The foodservice industry strives to identify and retain quality employees

Property of SeaFood Business magazine
By Lauren Kramer
October 01, 2007

One of the biggest challenges the restaurant industry faces as it enters its 10th year of continued growth with an average of 250,000 jobs added each year is recruiting and retaining employees.

According to the National Restaurant Association's 2007 forecast, 46 percent of quick-service operators and one-third of full-service operators report seeing fewer applicants for hourly positions and a decline in the number of qualified job applicants than they did two years ago. That means it is taking longer to fill job vacancies, a concern given the industry's expansion.

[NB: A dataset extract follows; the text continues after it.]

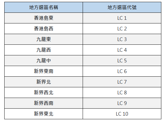 地方选区方面,共设10个地方选区,每个选区产生2名议员。10个地方选区如下:

An estimated 12.8 million Americans will be employed in the foodservice industry in 2007, up from 12.5 million in 2006. The NRA projects that 2 million jobs will be added over the next decade, with employment reaching 14.8 million in 2017.

So, where are all the job applicants? In part, the shrinking labor pool can be attributed to changes in the teen labor force. Half of the restaurant industry employees today are under age 25, and 30 percent are between 15 and 19 years old. But only 43.7 percent of 16- to 19-year-old Americans participated in the workforce in 2006, about 10 percent lower than a decade ago.

"That piece of the pie is predicted to grow 0.3 percent in the next 10 years, literally no growth at all," says Teresa Siriani, president of People Report, a Dallas business analytics company focused on the restaurant industry.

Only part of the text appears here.